Reports on Tails — where to save them


The default ``reports/`` directory lives next to the working directory and is wiped with the amnesiac session. To save reports somewhere persistent, either pass ``-fo``:

.. code-block:: console

   maigret <username> --html -fo "/home/amnesia/Persistent/maigret-reports"

or set ``"reports_path"`` in your ``settings.json`` to a persistent path. See :doc:`settings`.
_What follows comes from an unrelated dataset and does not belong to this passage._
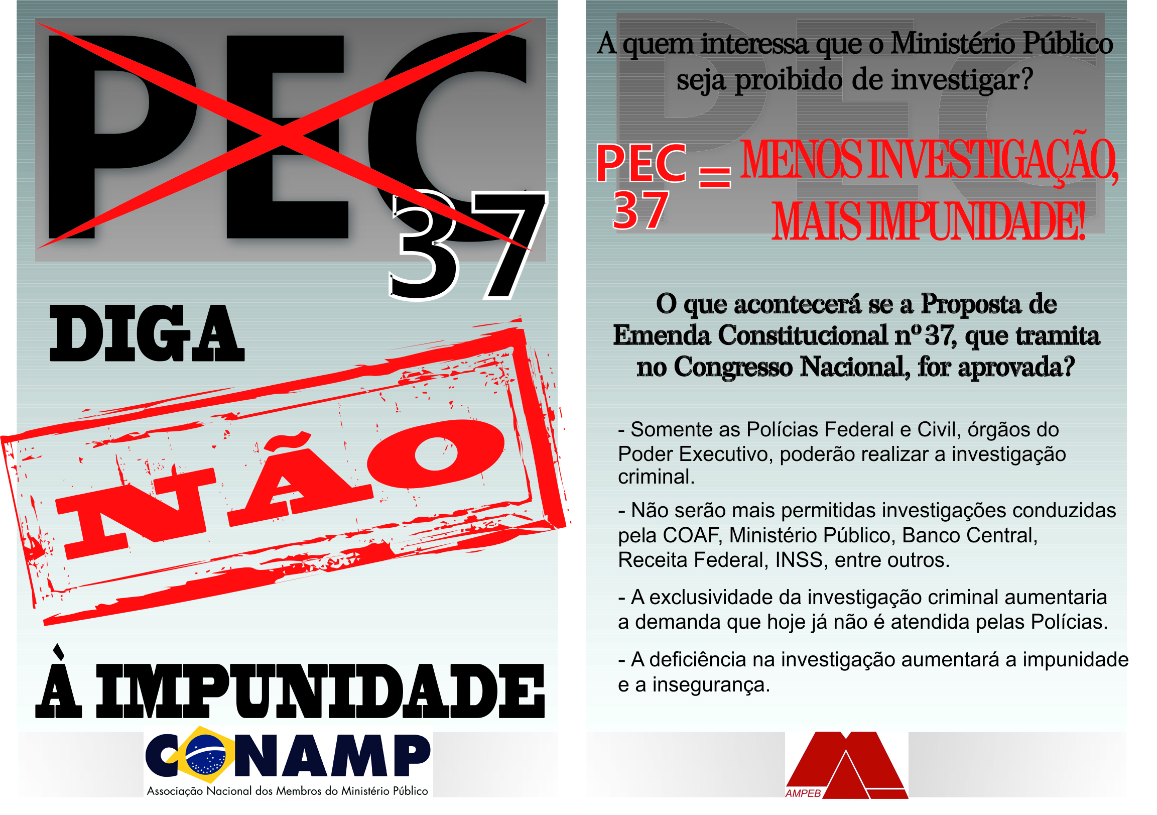 Através de nota técnica enviada em janeiro deste ano a deputados, senadores e ao Executivo, a Conamp se manifestou contra a PEC da Impunidade. De acordo com o documento, “as investigações realizadas pelo MP não são questionadas perante os tribunais superiores nem prejudicam a tramitação dos processos, já que tanto o Supremo Tribunal Federal quanto o Superior Tribunal de Justiça sedimentaram sua jurisprudência no sentido de que o MP está constitucionalmente autorizado, como titular da ação penal, a instaurar procedimentos investigatórios de natureza criminal. É importante frisar que em nada se confundem com o inquérito policial, este sim instaurado exclusivamente pela Polícia Judiciária”.

Programmatic equivalents (Python library)
-----------------------------------------

The same options are available through the Python API. See :doc:`library-usage` — the relevant keyword arguments are ``proxy=``, ``tor_proxy=`` and ``i2p_proxy=``, accepting the same URL formats as the CLI flags.

See also
--------

- :doc:`command-line-options` — full reference for the three flags.
- `TROUBLESHOOTING.md <https://github.com/soxoj/maigret/blob/main/TROUBLESHOOTING.md>`_ — quick recipes for ``.onion`` / I2P sites and for WAF-induced 403s.
- :doc:`library-usage` — proxy options for embedded use.